Approaches to restore damaged or disrupted forests should utilize genetically appropriate restoration material that can adapt to future environmental conditions and ensure the sustainable use and conservation of forest genetic resources [1]. The introduction of exotic species alters the existing unique genetic traits of native species, resulting in genetic pollution. Introgression may lead to the loss of native species identity through hybridization, which is exacerbated by the smaller number of populations [2]. To prevent this, it is important to use plant material native to the habitat to be restored [3]. Therefore, the selection of the restoration material should be based on the unique genetic characteristics of native habitats to ensure sustainable conservation of the genetic resources, by improving plant adaptability to changes in the environment [4]. Genetic diversity is a crucial factor for species survival and adaptation, and changes in population genetic diversity, estimated using genetic statistics, are a predictor of population resilience to environmental changes [5,6].

Abies koreana E.H. Wilson is endemic to the Republic of Korea, where it is mainly distributed on Mt.

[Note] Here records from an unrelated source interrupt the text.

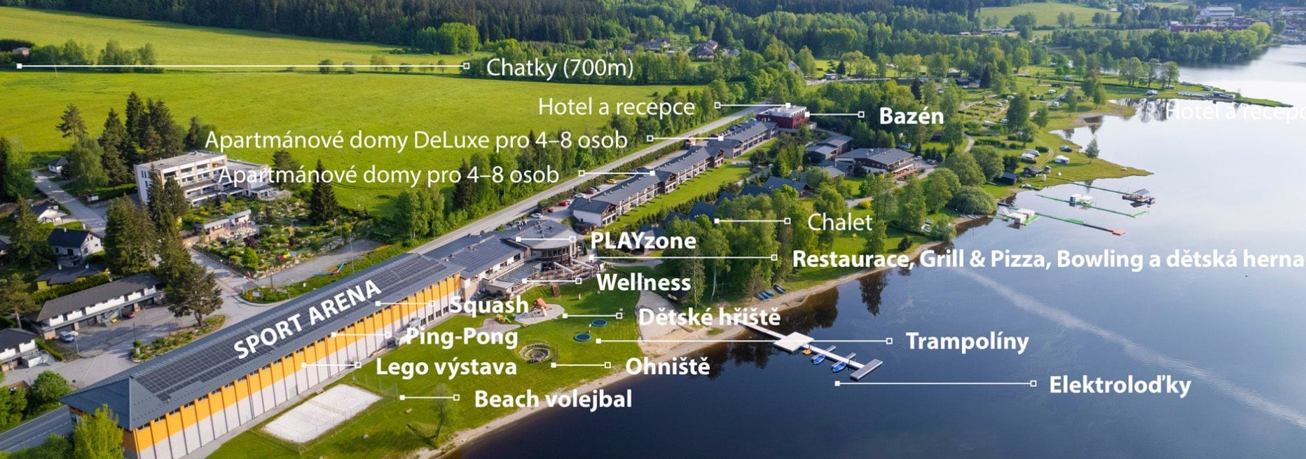 Recepce, restaurace, parkoviště, Wi-FiSport Arena Lipno -pofesionální tenisové, squashové a badmintonové kurty, stolní tenis a lezecká stěna, bowling, plně vybavené fitness, půjčovna sportovních potřeb.PLAYzone - herna vybavená PC, PS5, PS VR (za poplatek). Kromě toho mohou hosté využívat 20 metrů dlouhý bazén se slanou vodou. Je přístupný zdarma do 13:00 pro hosty ubytované v hotelu nebo vile Deluxe. Pro ostatní je přístup možný za poplatek.
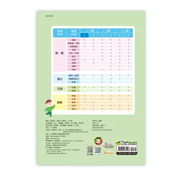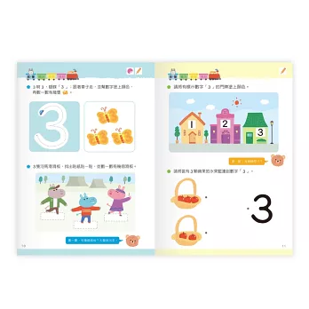 螺旋式教學法。建立數與量,空間,圖形和邏輯概念。豐富,多層次的題型,加深幼兒對數概念的理解。搭配貼紙,紙卡操作,促進學習效能。
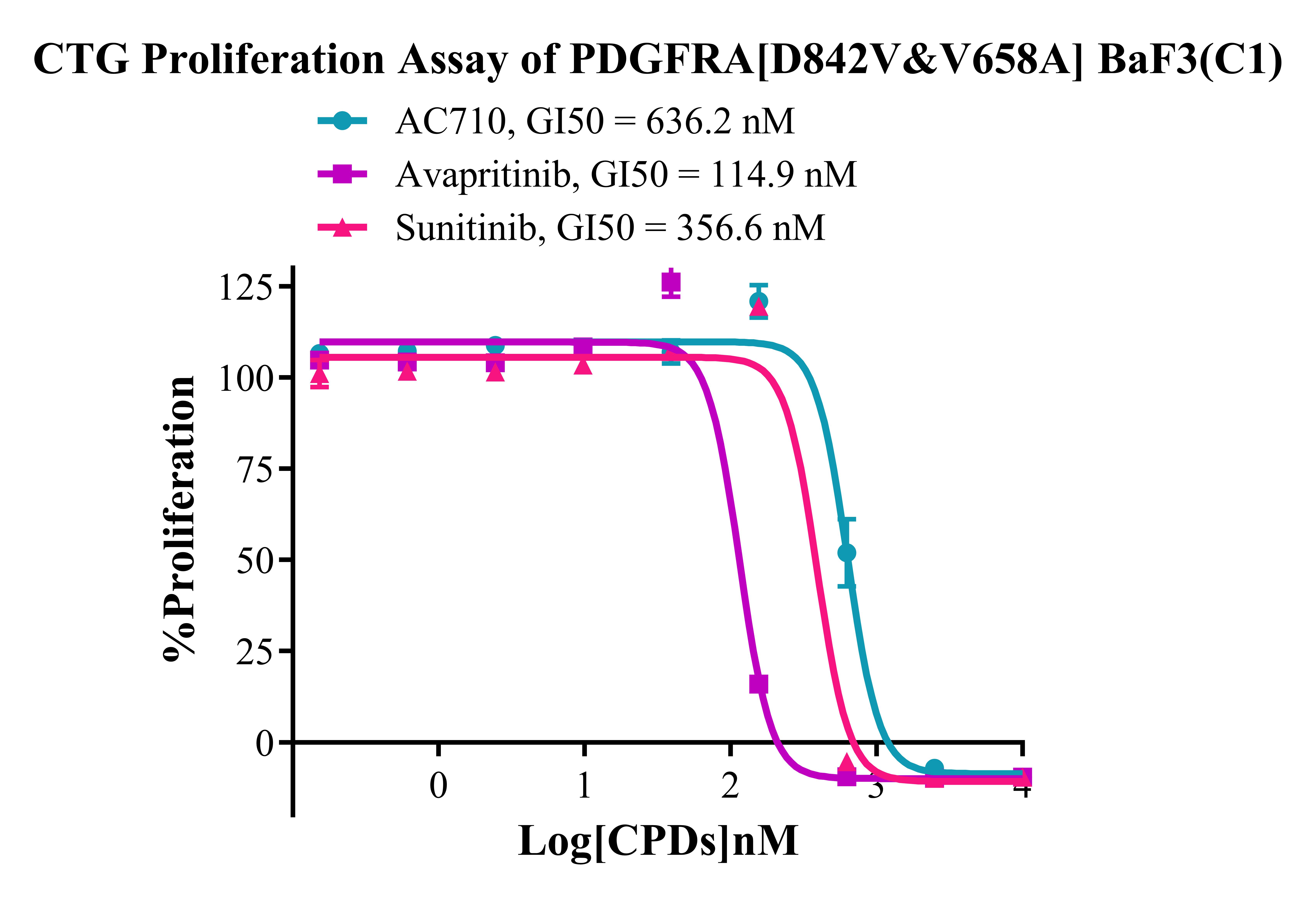 Figure 5. CTG Proliferation Assay of PDGFRA [D842V&V658A] BaF3(C1). |

Jirisan, Mt. Hallasan, and Mt. Deogyusan [7]. It is a representative coniferous species that is commonly distributed in the sub-alpine region above 1300 m altitude [8]. The species has conservation value and is recognized as vulnerable to climate change. In 1998, it was designated as “Near Threatened” by the IUCN Red List rating and upgraded to “Endangered” in 2011 [9]. Mt. Hallasan is a distribution area with a single community of A. koreana, covering the largest area [10].

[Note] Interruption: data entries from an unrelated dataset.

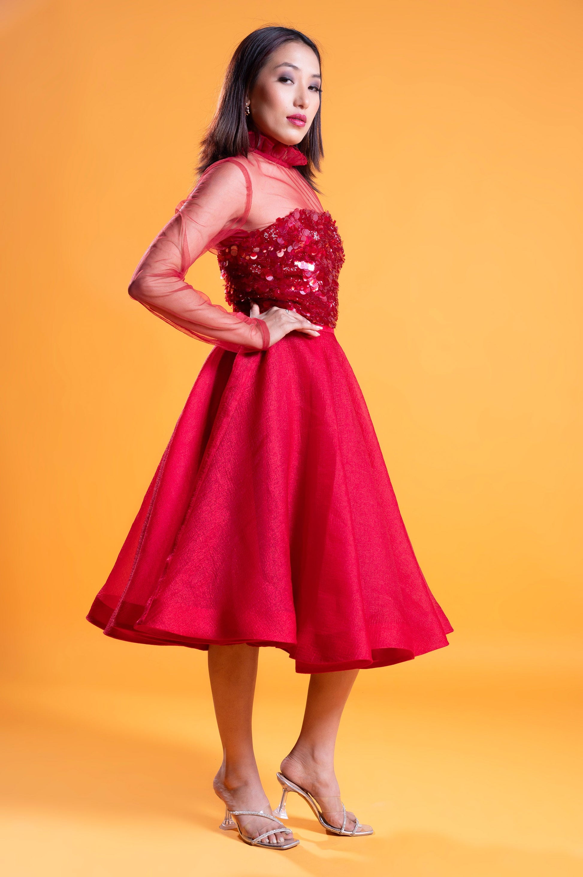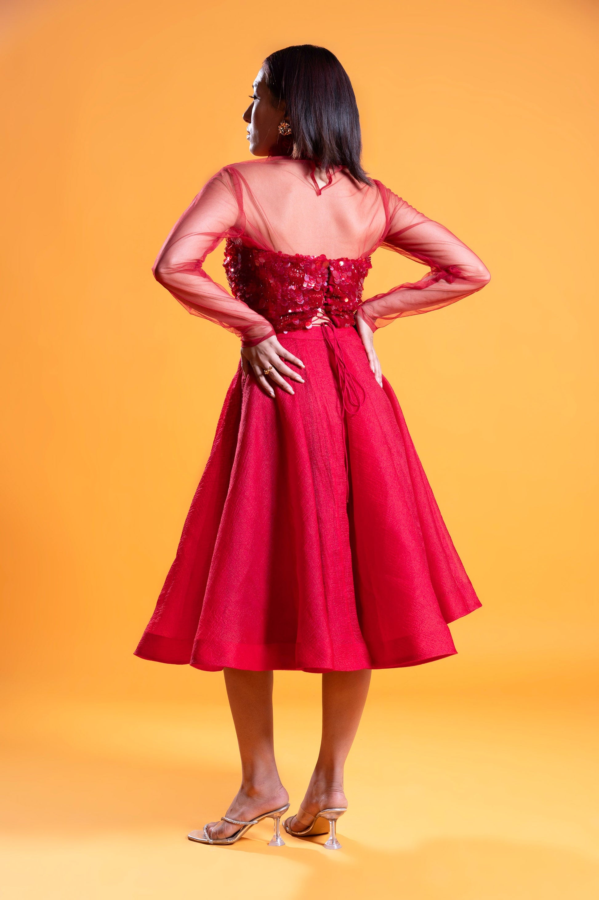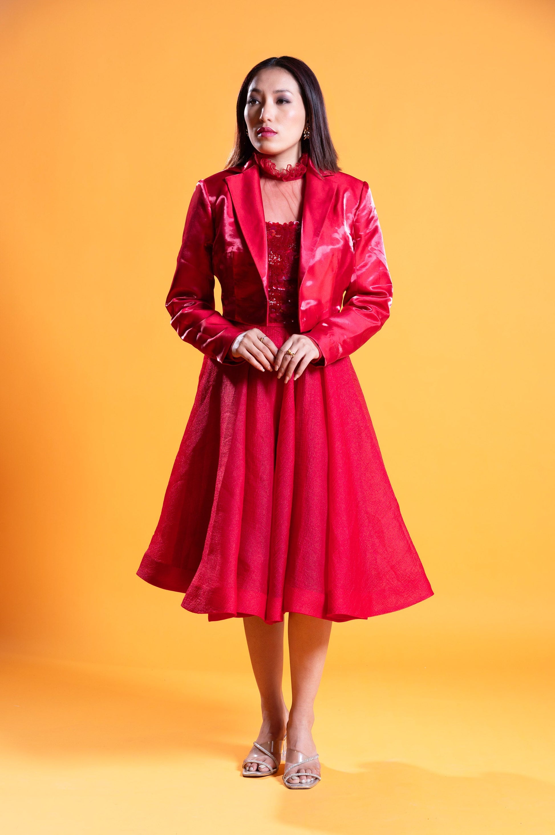 A bold red three-piece ensemble featuring a structured satin jacket, a embroidered coet, and a voluminous midi skirt.
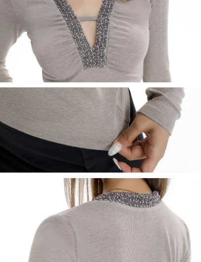 This V-neck Beaded Slim Long Sleeve Top perfectly blends sophistication with comfort, making it an essential piece for any modern woman’s wardrobe. Crafted from soft, stretchable fabric, it gently hugs your figure to create a sleek and flattering silhouette. The deep V-neckline enhances the natural curve of the neckline, offering a subtle yet elegant allure that suits both casual and dressy occasions.
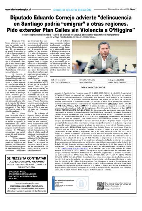 Pido extender Plan Calles sin Violencia a O’Higgins"
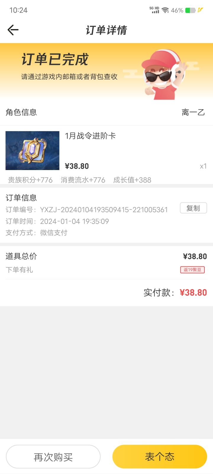 道聚城买的战令没到账
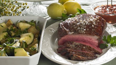 Gnid stegen med salt og peber og stil den i ovnen ved 200° i ca. 35 min. Tag den ud og tjek. Den skal være lidt for rå. Hæld kødsaften fra. Lad den afkøle og stil den så koldt. Ved hjemkomst sættes den 10-15 min. i ovnen ved 220° og hviler så til servering. Kom tomater i en gryde og kog op med peberkorn. Mos tomaterne ud med ske. Hæld cognac over og antænd ganske kort.
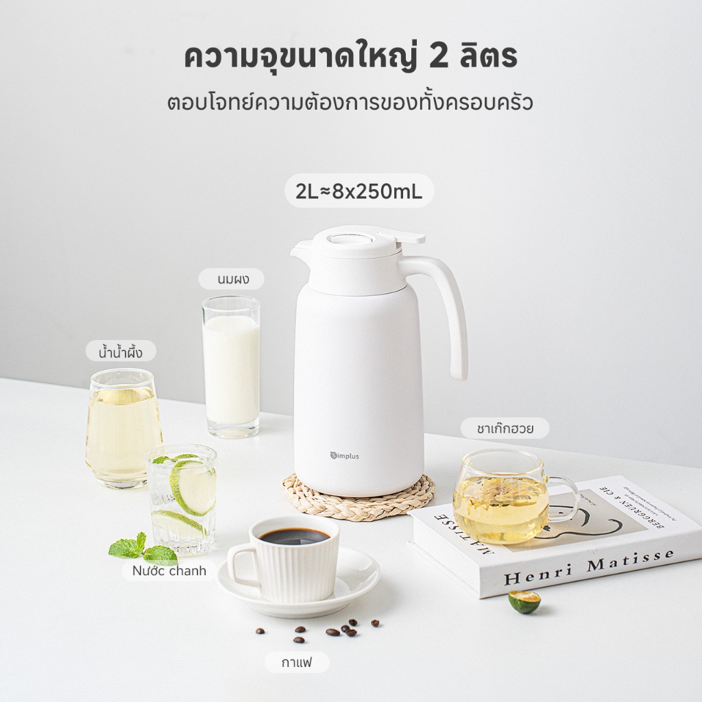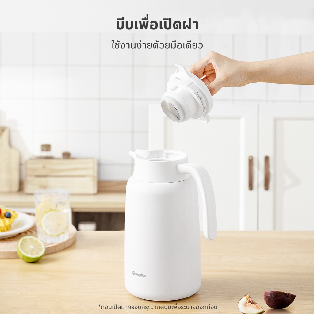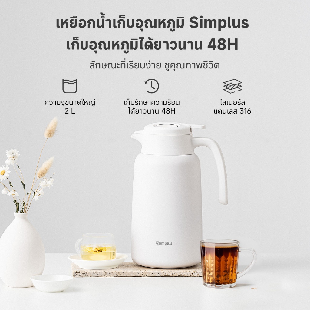 Simplus เหยือกน้ำเก็บอุณหภูมิ ซับในสแตนเลส ความจุ 2 ลิตร เก็บรักษาความร้อน 48 ชม. บีบเพื่อเปิดฝา BWHU001

Mt. Hallasan was proclaimed a natural reserve in 1966 and was designated as Hallasan National Park in 1970, a UNESCO Biosphere Reserve in 2002, and a World Natural Heritage Site in 2007 [11,12,13,14]. Thus, the area is of high conservation value. However, owing to growth decline, climate change, and other factors, the distribution of A. koreana on Mt. Hallasan has declined by 15.2% in 10 years since 2006; according to a survey conducted in 2017–2018, the incidence of dead trees was 28.2% [8,15]. Additionally, it has become difficult to regenerate the natural A. koreana forest because of damage to pinecones caused by insect pests and climate change in the habitat [16,17]. Therefore, appropriate restoration and conservation measures are urgently needed to preserve and maintain the stability of the declining A. koreana population on Mt. Hallasan.

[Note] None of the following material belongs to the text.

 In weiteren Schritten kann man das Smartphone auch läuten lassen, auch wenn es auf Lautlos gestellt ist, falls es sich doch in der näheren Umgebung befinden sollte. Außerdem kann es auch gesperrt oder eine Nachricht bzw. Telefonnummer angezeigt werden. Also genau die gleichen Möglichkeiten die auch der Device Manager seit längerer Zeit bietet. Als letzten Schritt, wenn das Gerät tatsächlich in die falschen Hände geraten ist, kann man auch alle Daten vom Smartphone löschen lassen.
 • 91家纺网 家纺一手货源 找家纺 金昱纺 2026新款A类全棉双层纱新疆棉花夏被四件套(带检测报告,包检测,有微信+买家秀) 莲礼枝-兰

Genetic variation in a population can be explained by various parameters, including allele and genotype frequency, gene diversity, heterozygosity level, and disequilibrium coefficient [18]. Marshall and Brown (1975) argued that a key indicator of optimal sampling is the number of such alleles that each population possesses, that is, the number of alleles that attain appreciable frequencies in only one population or in a few adjacent populations. The goal is to include more than 95% of the alleles that occur in the target population with a frequency greater than 0.05 [19]. However, sampling to detect alleles without a sampling strategy may waste more resources and overlap genetically similar individuals as the number of unnecessary samples increases. Therefore, extraction of genetically similar material should be avoided. For optimal sampling, spatial genetic structural analysis is used to understand the distribution of genetically similar specimens and determine the appropriate sampling distance [20,21,22]. The sample size is then inferred, and it includes more than 95% of the common alleles occurring in the target population with a frequency greater than 0.05.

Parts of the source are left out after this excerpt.